I've been at companies where there were rather interesting policies like
- Three factor authentication (because a single method isn't enough for some reason)
- No password managers allowed (how this is enforced is completely unknown)
- 6 week password lifetime
- Past password similarity checking (I'm actually not even sure how they do this unless they somehow have access to the plaintext version of user passwords; if there's a benign/secure way of doing this I'd be very curious)
- Random character requirements/limitations (you must use non-letter characters from set X, but not from set Y, and absolutely only latin letters)
And those are just some of the bangers surrounding password policies; the less said about the network security policies and antivirus policies the better.

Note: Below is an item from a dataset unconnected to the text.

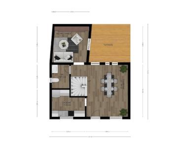 Im Erdgeschoss befindet sich ein einladendes Wohnzimmer, das fließend in die offene Küche mit Essbereich übergeht. Ein Gäste-WC komplettiert diese Etage.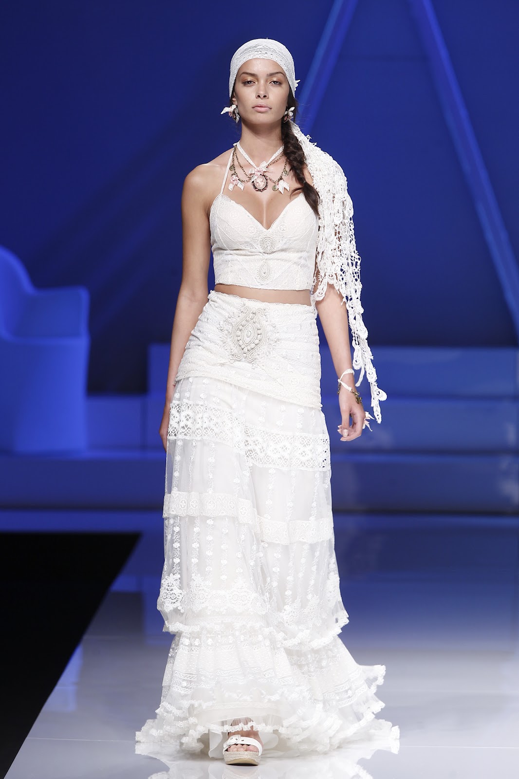 Sin perder su aire bohemio y hippie Yolanda y Cristina o, lo que es lo mismo, Cristina y Yolanda, esta vez han mostrado una colección muy variada desde el vintage con el que nos tienen acostumbradas, pasando por el prêt-a-porter, hasta llegar a diseños más bohemios y con toques muy sensuales y femeninos.

And these requirements don't come from some regulation/risk assessment group; they're enforced by such groups, but the actual requirements come from some security firm that sell lists and a stamp of approval once you have every box checked.
It's difficult to not look at such firms as swindlers with a guaranteed paycheck from a captive audience; they sell their services to regulators as a benchmark to meet, and then in turn they sell implementation services to companies that are forced to meet said regulations.
And the end result is just extremely frustrated users who still end up falling for "Hey Bob check this out" phishing emails which is plenty for an attacker to get in and jump around your network until they compromise enough of the environment to take the business down. But hey! The business followed the checklist, so they can't be held liable for exfiltrated data!